Top of The input

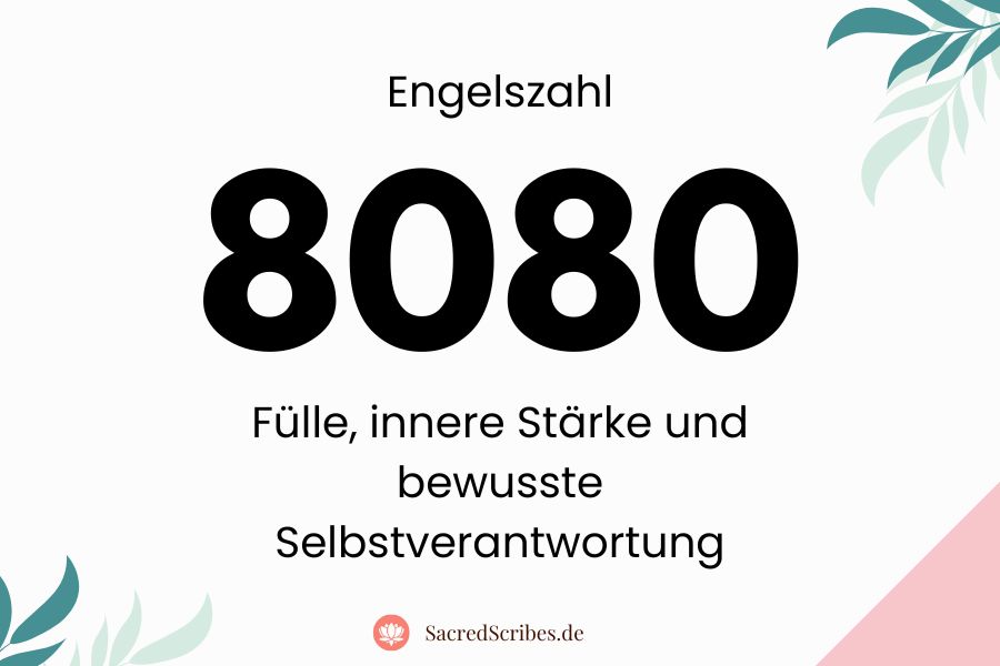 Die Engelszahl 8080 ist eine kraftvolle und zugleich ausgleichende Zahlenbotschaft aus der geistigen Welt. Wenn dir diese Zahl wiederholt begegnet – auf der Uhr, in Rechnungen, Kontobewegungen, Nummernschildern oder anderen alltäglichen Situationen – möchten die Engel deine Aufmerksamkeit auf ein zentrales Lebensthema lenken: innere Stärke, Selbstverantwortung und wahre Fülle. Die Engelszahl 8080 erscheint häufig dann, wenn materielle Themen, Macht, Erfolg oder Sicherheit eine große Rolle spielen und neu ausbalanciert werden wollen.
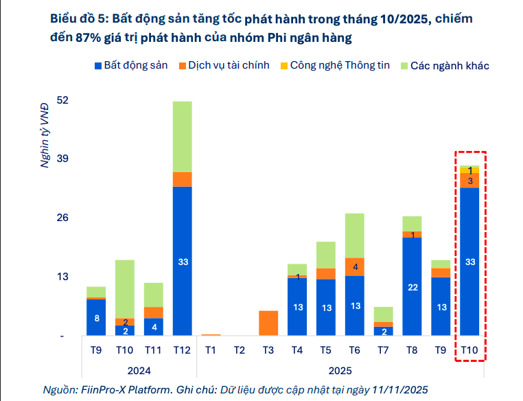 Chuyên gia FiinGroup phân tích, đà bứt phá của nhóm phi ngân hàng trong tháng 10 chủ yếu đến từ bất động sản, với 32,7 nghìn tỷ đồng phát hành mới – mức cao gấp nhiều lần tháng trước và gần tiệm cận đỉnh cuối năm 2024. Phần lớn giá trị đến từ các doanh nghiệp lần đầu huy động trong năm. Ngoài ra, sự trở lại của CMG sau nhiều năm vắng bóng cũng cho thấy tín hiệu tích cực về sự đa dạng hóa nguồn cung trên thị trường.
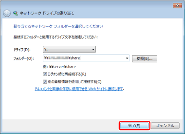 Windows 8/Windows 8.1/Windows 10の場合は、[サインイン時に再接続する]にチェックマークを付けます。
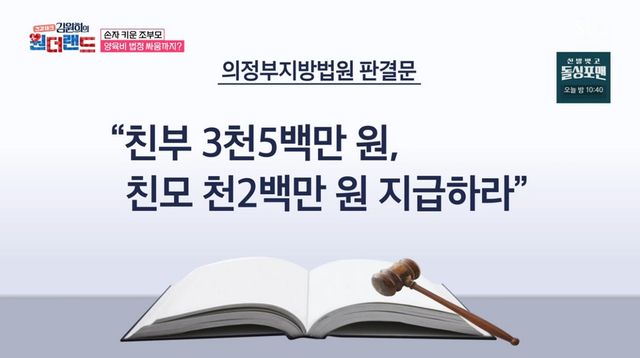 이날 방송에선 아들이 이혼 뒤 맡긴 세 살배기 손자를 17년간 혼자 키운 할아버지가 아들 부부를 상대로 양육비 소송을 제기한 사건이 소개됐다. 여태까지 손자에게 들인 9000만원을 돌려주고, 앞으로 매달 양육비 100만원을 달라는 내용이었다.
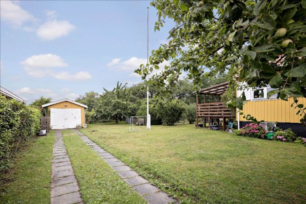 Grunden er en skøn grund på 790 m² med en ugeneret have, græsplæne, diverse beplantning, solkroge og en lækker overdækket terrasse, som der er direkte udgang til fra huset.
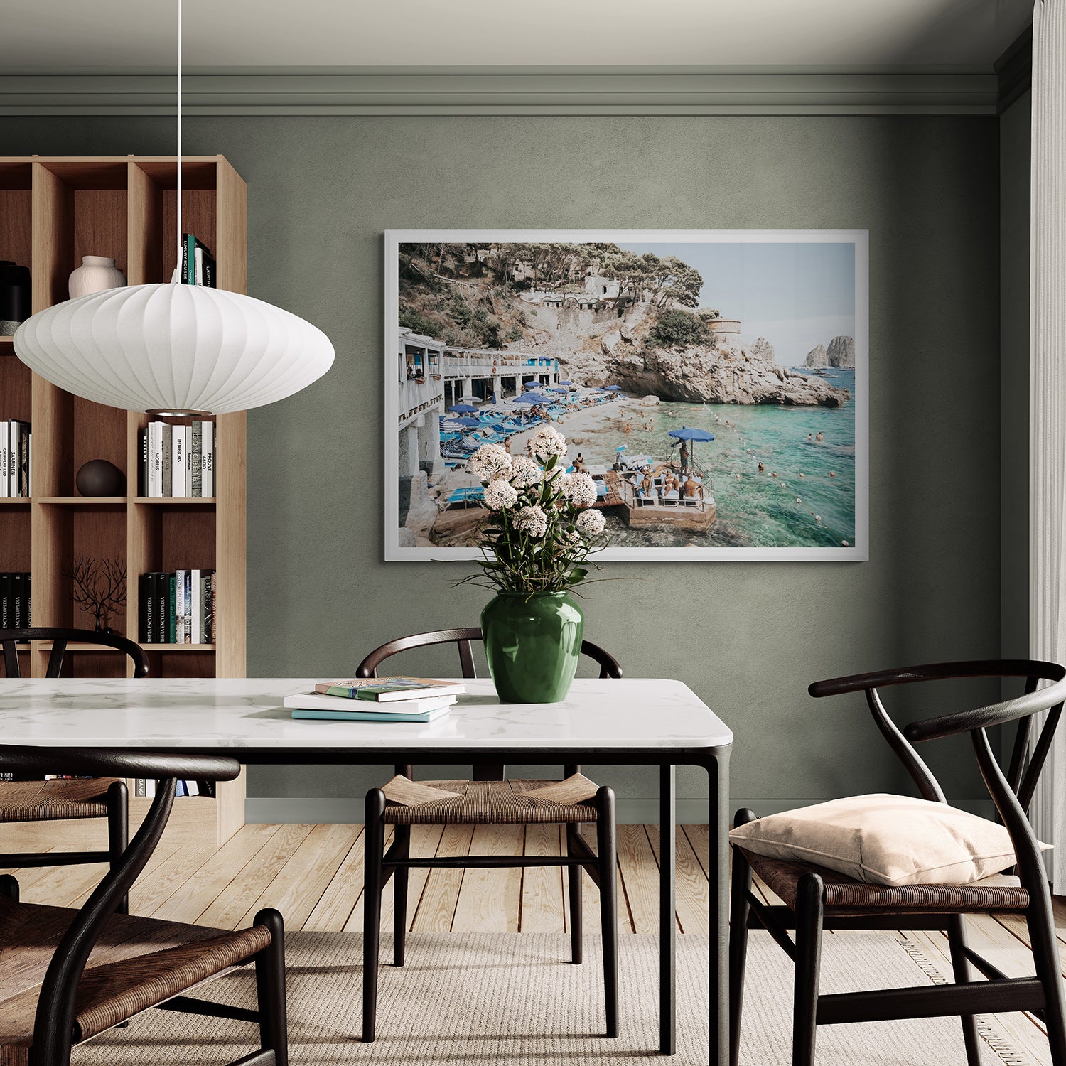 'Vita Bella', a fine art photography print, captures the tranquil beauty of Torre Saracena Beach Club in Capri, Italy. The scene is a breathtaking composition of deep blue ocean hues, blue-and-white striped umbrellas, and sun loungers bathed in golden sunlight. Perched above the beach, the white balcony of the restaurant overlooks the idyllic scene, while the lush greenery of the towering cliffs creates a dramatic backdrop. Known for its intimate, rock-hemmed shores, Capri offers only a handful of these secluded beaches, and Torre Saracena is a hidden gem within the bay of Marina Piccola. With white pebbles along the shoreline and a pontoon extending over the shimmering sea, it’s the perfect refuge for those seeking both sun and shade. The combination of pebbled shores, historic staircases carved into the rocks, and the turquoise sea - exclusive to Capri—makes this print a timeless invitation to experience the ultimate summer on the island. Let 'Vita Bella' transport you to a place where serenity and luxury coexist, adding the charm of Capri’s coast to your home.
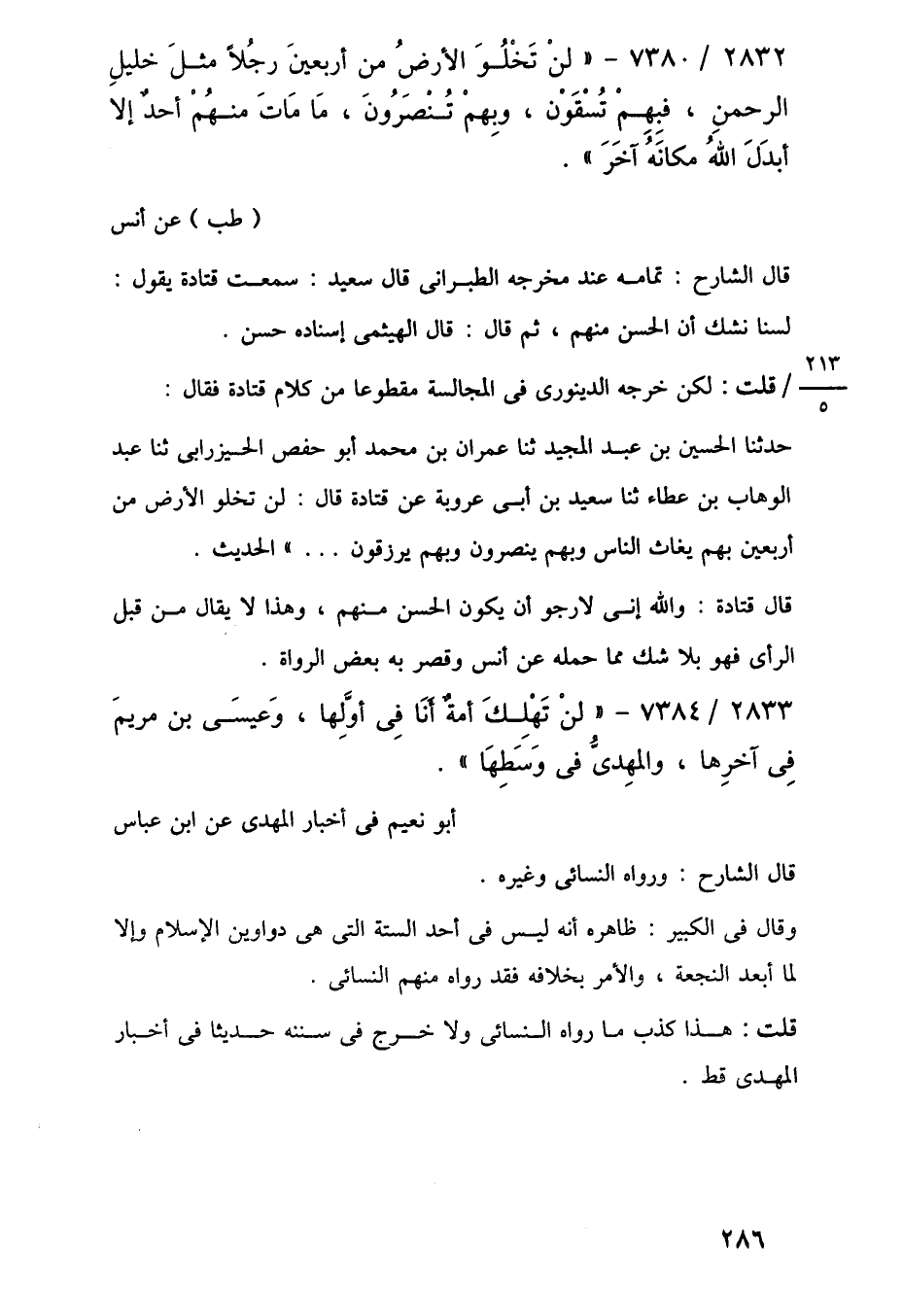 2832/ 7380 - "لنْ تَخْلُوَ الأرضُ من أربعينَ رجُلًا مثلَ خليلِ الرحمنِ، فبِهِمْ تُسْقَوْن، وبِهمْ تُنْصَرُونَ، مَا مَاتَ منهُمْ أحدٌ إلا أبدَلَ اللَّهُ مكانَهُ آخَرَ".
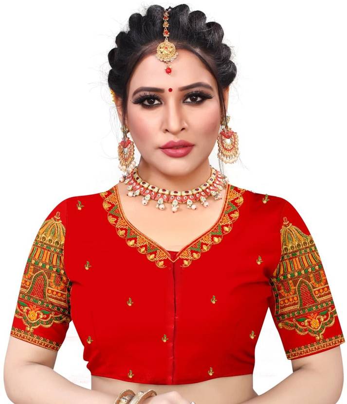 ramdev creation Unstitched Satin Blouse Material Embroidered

Bottom of The input

Required work:
Could you transcribe all of the data exactly, keeping every picture out of the copy?

Response to this exercise:
 Die Engelszahl 8080 ist eine kraftvolle und zugleich ausgleichende Zahlenbotschaft aus der geistigen Welt. Wenn dir diese Zahl wiederholt begegnet – auf der Uhr, in Rechnungen, Kontobewegungen, Nummernschildern oder anderen alltäglichen Situationen – möchten die Engel deine Aufmerksamkeit auf ein zentrales Lebensthema lenken: innere Stärke, Selbstverantwortung und wahre Fülle. Die Engelszahl 8080 erscheint häufig dann, wenn materielle Themen, Macht, Erfolg oder Sicherheit eine große Rolle spielen und neu ausbalanciert werden wollen.
 Chuyên gia FiinGroup phân tích, đà bứt phá của nhóm phi ngân hàng trong tháng 10 chủ yếu đến từ bất động sản, với 32,7 nghìn tỷ đồng phát hành mới – mức cao gấp nhiều lần tháng trước và gần tiệm cận đỉnh cuối năm 2024. Phần lớn giá trị đến từ các doanh nghiệp lần đầu huy động trong năm. Ngoài ra, sự trở lại của CMG sau nhiều năm vắng bóng cũng cho thấy tín hiệu tích cực về sự đa dạng hóa nguồn cung trên thị trường.
 Windows 8/Windows 8.1/Windows 10の場合は、[サインイン時に再接続する]にチェックマークを付けます。
 이날 방송에선 아들이 이혼 뒤 맡긴 세 살배기 손자를 17년간 혼자 키운 할아버지가 아들 부부를 상대로 양육비 소송을 제기한 사건이 소개됐다. 여태까지 손자에게 들인 9000만원을 돌려주고, 앞으로 매달 양육비 100만원을 달라는 내용이었다.
 Grunden er en skøn grund på 790 m² med en ugeneret have, græsplæne, diverse beplantning, solkroge og en lækker overdækket terrasse, som der er direkte udgang til fra huset.
 'Vita Bella', a fine art photography print, captures the tranquil beauty of Torre Saracena Beach Club in Capri, Italy. The scene is a breathtaking composition of deep blue ocean hues, blue-and-white striped umbrellas, and sun loungers bathed in golden sunlight. Perched above the beach, the white balcony of the restaurant overlooks the idyllic scene, while the lush greenery of the towering cliffs creates a dramatic backdrop. Known for its intimate, rock-hemmed shores, Capri offers only a handful of these secluded beaches, and Torre Saracena is a hidden gem within the bay of Marina Piccola. With white pebbles along the shoreline and a pontoon extending over the shimmering sea, it’s the perfect refuge for those seeking both sun and shade. The combination of pebbled shores, historic staircases carved into the rocks, and the turquoise sea - exclusive to Capri—makes this print a timeless invitation to experience the ultimate summer on the island. Let 'Vita Bella' transport you to a place where serenity and luxury coexist, adding the charm of Capri’s coast to your home.
 2832/ 7380 - "لنْ تَخْلُوَ الأرضُ من أربعينَ رجُلًا مثلَ خليلِ الرحمنِ، فبِهِمْ تُسْقَوْن، وبِهمْ تُنْصَرُونَ، مَا مَاتَ منهُمْ أحدٌ إلا أبدَلَ اللَّهُ مكانَهُ آخَرَ".
 ramdev creation Unstitched Satin Blouse Material Embroidered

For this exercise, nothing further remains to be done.